### Work order
Everything in the listing below must be reproduced exactly, apart from its images.

### Input data
=== Begin Enclosure ===
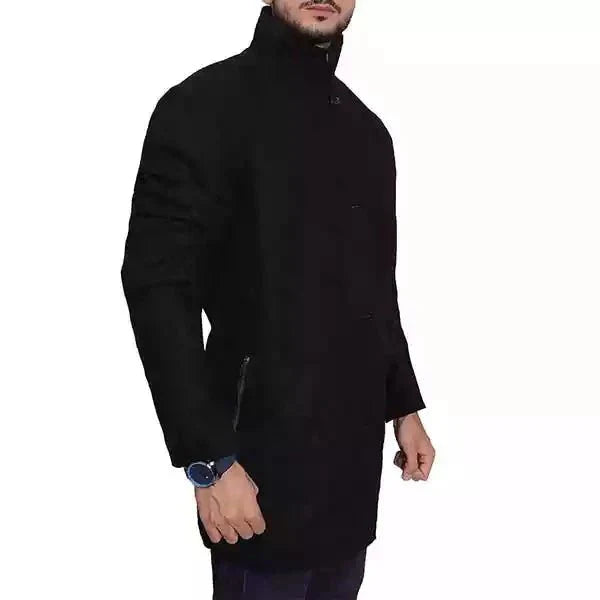 Elevate your fashion game with the exquisite Howard Counter Black Coat, inspired by American elegance. Crafted from premium wool, it offers warmth and comfort with a touch of luxury. Featuring a stand-up collar, front button closure, and practical pockets, this coat ensures both style and functionality. Its full sleeves with open cuffs provide an ideal fit. The timeless black color effortlessly complements any outfit. Whether you seek to impress or invest in quality outerwear, this coat is the perfect choice. Pair it with shirts or pants for a formal look, or mix and match with tops and casual bottoms for versatile style. Elevate your wardrobe today.
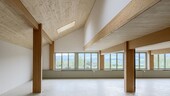 The office building is designed entirely as a timber construction from the ground floor upwards, including the enclosed stairwell and lift shaft. To improve the indoor climate and highlight the history of the building site as a brickworks, the stairwell was walled in with unfired clay bricks. The commercial building combines a variety of uses such as workshops, storage rooms, and offices under one roof. A 10-ton crane is installed on a crane runway made of construction beech in the 8-meter-high workshop. The flat roof houses a large 1,300 m² photovoltaic system that generates sustainable energy. The project combines modern timber construction with historical elements and sustainable energy production.
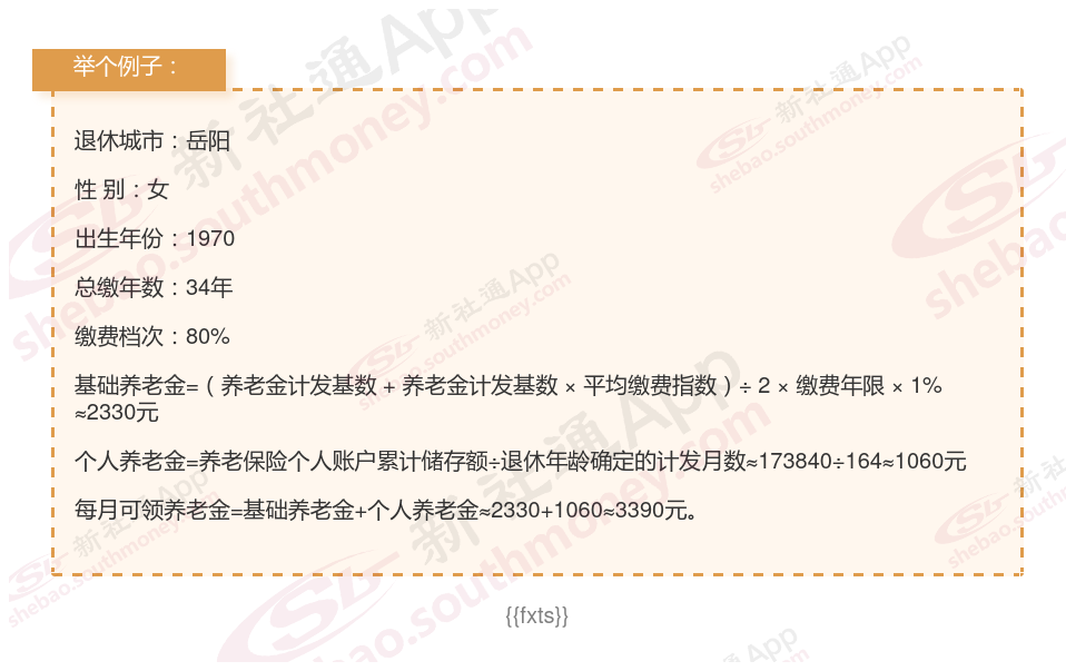 退休城市:岳阳,性别:女,出生年份:1970,总缴年数34年,缴费档次:80%
=== End Enclosure ===
### Task response
 Elevate your fashion game with the exquisite Howard Counter Black Coat, inspired by American elegance. Crafted from premium wool, it offers warmth and comfort with a touch of luxury. Featuring a stand-up collar, front button closure, and practical pockets, this coat ensures both style and functionality. Its full sleeves with open cuffs provide an ideal fit. The timeless black color effortlessly complements any outfit. Whether you seek to impress or invest in quality outerwear, this coat is the perfect choice. Pair it with shirts or pants for a formal look, or mix and match with tops and casual bottoms for versatile style. Elevate your wardrobe today.
 The office building is designed entirely as a timber construction from the ground floor upwards, including the enclosed stairwell and lift shaft. To improve the indoor climate and highlight the history of the building site as a brickworks, the stairwell was walled in with unfired clay bricks. The commercial building combines a variety of uses such as workshops, storage rooms, and offices under one roof. A 10-ton crane is installed on a crane runway made of construction beech in the 8-meter-high workshop. The flat roof houses a large 1,300 m² photovoltaic system that generates sustainable energy. The project combines modern timber construction with historical elements and sustainable energy production.
 退休城市:岳阳,性别:女,出生年份:1970,总缴年数34年,缴费档次:80%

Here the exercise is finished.